Des services informatiques de l’État français sont visés, depuis le 10 mars, par des cyberattaques “dont les modalités techniques sont classiques mais l’intensité inédite”, a déclaré le gouvernement à l’AFP. De nombreux services ministériels ont ainsi été ciblés.” Cet après-midi, des agents publics n’avaient par exemple plus accès aux services informatiques du ministère du Travail, après un accès limité ce matin. Une cellule de crise a été déployée dimanche soir “pour déployer des contre-mesures et garantir la continuité des services informatiques”.

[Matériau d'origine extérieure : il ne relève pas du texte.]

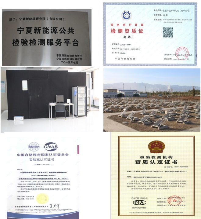 检测中心作为独立第三方检测机构,主要从事太阳能光伏产品检测、光伏电站性能检测、防雷防静电装置检测、机械性能和安全性能测试及光伏发电系统工程验收和技术监督等技术服务工作,是宁夏新能源研究院最具特色的基础服务平台,检测中心投资4500万元建成了西北首家集室内、户外、电站三维一体的光伏检测中心,并建成了国内首家户外组件多场景并网在线测试平台。中心于20136月通过CMA资质认定(证书编号:163017250269),20143月获得CNAS实验室认证认可证书(注册号:CNAS L6772),并于20137月被宁夏回族自治区商务厅、财政厅联合授名为“宁夏新能源公共检验检测服务平台”。目前已完成全国约3GW的电站检测技术服务项目。检测中心拥有国际先进测试设备60台;检测能力范围涵盖IEC61215IEC61646IEC61730和美国UL1703等标准共计50项检测项目。(联系人:杨中其,电话:0951-888729113709574698)

“Pas attribuables aux Russes à ce stade”
Le groupe de hackers Anonymous Sudan, soupçonné de soutenir la Russie et d’être en lien avec plusieurs causes islamistes, a revendiqué la cyberattaque sur sa chaîne Telegram. Anonymous Sudan affirme avoir perturbé des services au sein du ministère de la Culture, de la Santé et des affaires sociales, de l’Économie et des finances, de la Transition écologique, et des services du Premier ministre, dont la Direction interministérielle du numérique (Dinum). Les ministères et services gouvernementaux concernés n’ont ni confirmé, ni donné d’informations supplémentaires.
À propos de la Dinum, le groupe de cybercriminels écrit : “Leur infrastructure contient plus de 17 000 adresses IP et appareils, de même que plus de 300 noms de domaine, qui ont été détruits.” Toutefois, une source sécuritaire précise que les attaques “ne sont pas attribuables aux Russes à ce stade”.
Attaque par déni de service
Les pirates informatiques auraient fait usage d’une attaque par déni de service (DDoS) sur le réseau interministériel de l’État (RIE), en envoyant de nombreuses requêtes sur un serveur jusqu’à le saturer et le rendre hors-service. Le RIE permet d’assurer la plupart des communications électroniques et échanges de données entre les services de l’État, indépendamment d’Internet.
“L’impact de ces attaques a été réduit pour la plupart des services et l’accès aux sites de l’État rétabli, précise Matignon. Les équipes mobilisées de la Dinum et de l’Anssi [Agence nationale de la sécurité des systèmes d’information] continuent à mettre en œuvre des mesures de filtrage jusqu’à la fin de ces attaques.”
Anonymous Sudan n’est pas inconnu au bataillon. Spécialisé dans les attaques par botnet, il avait déjà mené une attaque par déni de service en octobre contre Deezer, et est à l’origine de cyberattaques contre les sites de l’AP-HP, et des hôpitaux de Lyon et Marseille.